It is generally acknowledged that the survey of research and development spending at colleges and universities is a successful data collection program. NSF points with pride to the fact that the response rate from academia has historically been about 95 percent, and it is usually 100 percent for the FFRDCs (see Table 6-1). However, the high unit response rate is tempered by bothersome high item nonresponse rates for some data items. Both the small unit nonresponse and the higher item nonresponse are masked by the fact that NSF imputes values when there is no response. The validity of the imputation methods is open to question.
The survey has impressive depth of coverage: it covers all institutions with doctoral programs in science and engineering (S&E) fields or at least $150,000 in separately budgeted R&D activity, meaning that it is a virtual census of all research and development spending at colleges and universities. These institutions have traditionally expended more than 95 percent of U.S. academic R&D funds. In addition, the survey population includes all FFRDCs that are academically administered and engaged in basic or applied research, development, or management of R&D activities. Also, all historically black colleges and universities (HBCUs) that perform any separately budgeted R&D in S&E are included.
The development of the frame for the survey of colleges and universities is a very complicated undertaking, with the possibility of generating coverage error (see Box 6-1). The application of the dollar limit to identify universities and colleges that conduct R&D could be a problem in that, if the frame fails to identify an academic institution with at least $150,000 in separately budgeted R&D, there would be a gap. The HBCUs are well identified so do not pose any coverage loss. Similarly, FFRDCs are well known. The doctorate-granting universities are well known. So it is the application of the dollar limit that could pose problems. NSF describes the only other gap as the four 2-year degree-granting institutions that accounted for less than 0.01 of the total R&D expenditures. The issues raised with this frame also affect the Survey of Science and Engineering Research Facilities, which uses this frame as its universe.
While there are other sources of information on the extent and direction of R&D activity at colleges and universities, including the NSF sister surveys of science and engineering graduate students and postdoctorate students, there is no survey that provides such a long-term (annually since 1972) view of science and engineering activity at the nation’s academic institutions. The historical continuity of the data is often considered to be a particular strength of this data collection, in view of the fact that the results of this survey are often blended with the results of the federal funds and
TABLE 6-1 Changes in Sampling and Coverage of the Academic Survey
industry surveys into a time series to portray the totality of and trends in R&D activity. However, although the survey is often presented as a continuous time series since 1972, when the survey became an annual collection after the initial four biennial collections, in reality the series has been subject to several perturbations (see Box 6-2).
In fiscal year (FY) 1978, a different population was sampled and different questions were asked, so data are not comparable for that year.
Survey design has also shifted over time:
After 1993, the sample was truncated to include all doctorate-granting institutions but only a partial sample of nondoctorate-granting institutions.
Significantly, current year and recent years’ data are only provisional. As described by NSF, when the review of data for prior years reveals discrepancies, the prior years’ data are sometimes modified.
Prior to 1997, there was potential double-counting of R&D spending because funds that were passed through the universities to subrecipients were not broken out from the funds that were actually spent at the institution. This problem was addressed in years subsequent to 1998 when questions were added to the survey to identify “passed through R&D expenditures to subrecipients.” Now, a new problem is posed for the survey, in that the level of the series adjusted for double-counting is higher than the level of the series without double-counting.

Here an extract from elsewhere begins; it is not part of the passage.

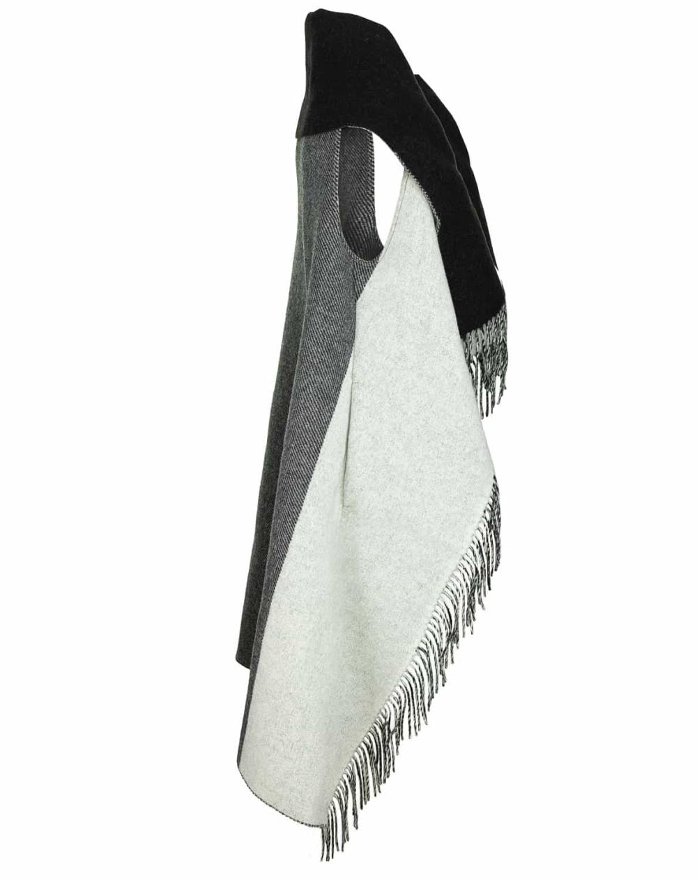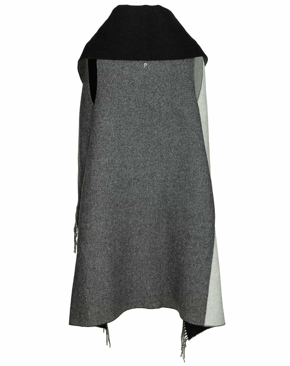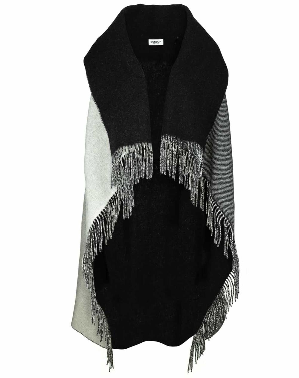 Der Poncho von Dondup ist ein modischer Begleiter, der sich zu vielen Looks lässig kombinieren lässt. Der großzügige Schalkragen sowie die Farbgestaltung in Grautönen und Schwarz verleihen dem Poncho eine exklusive Optik, während die Armausschnitte wie bei einer Weste für optimalen Sitz sorgen. Der Poncho ist darüber hinaus mit praktischen Taschen ausgestattet. Die Fransenkante am Saum vollendet das Design.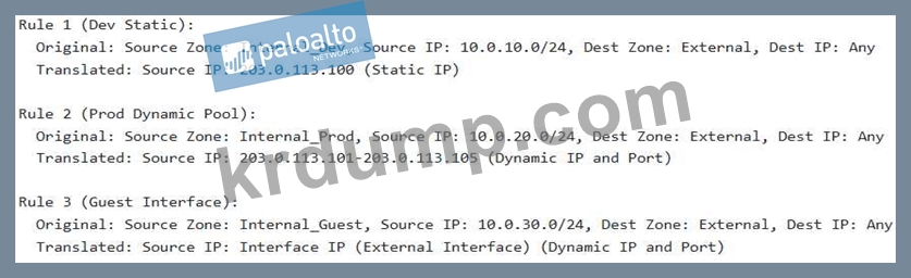 1. 'Internal _ Dev'(10.0.10.0/24)는 전용 공용 IP 203.0.113.100으로 소스 NAT를 해야 합니다.

The frame for the survey is developed from a variety of sources. Not all academic institutions are included, so a procedure has been developed for the NSF-National Institutes of Health Survey of Graduate Students and Postdoctorates in Science and Engineering (graduate student survey) and the NSF Survey of zFederal Science and Engineering Support to Universities, Colleges and Nonprofit Institutions populations. Institutions with a highest degree-granting status of 1 (doctorate-granting) are compared to make sure all S&E doctoral degree-granting institutions are included in the academic R&D expenditures survey population. This task is done annually. Sources consulted are the Higher Education Directory and direct contact with universities. NSF maintains a list of all FFRDCs. The Department of Education maintains a list of all HBCUs.
Each S&E doctoral degree-granting institution, FFRDC, and HBCU that reported zero expenditures in the previous fiscal year is contacted to find out if it has expenditures data to report for the current year. If there are expenditures to report, a survey packet is sent. If the institution says it has zero expenditures, a zero is entered for that institution. If the institution says zero but the federal R&D obligations data suggest otherwise, this discrepancy is discussed with the institution, and an attempt is made to obtain actual expenditures.
S&E master’s and bachelor’s degree-granting institutions that reported $150,000 or more in S&E R&D expenditures in the previous fiscal year are surveyed again. To determine which other institutions should be included in the current FY survey, ORC Macro creates a list of all other S&E master’s and bachelors’ degree-granting institutions in the academic R&D expenditures survey universe that received federal obligations during any cycle from the previous 5 years. Institutions are included in the current cycle if they either: reported cumulative expenditures for the last three full population surveys of $250,000 or more or were reported by federal agencies to have cumulative obligations of more than $400,000 for the fiscal year plus the 4 previous years.
A total of 36 academically administered FFRDCs were included; 4 FFRDCs administered by industrial organizations and 16 administered by nonprofit organizations were surveyed but not included in publications.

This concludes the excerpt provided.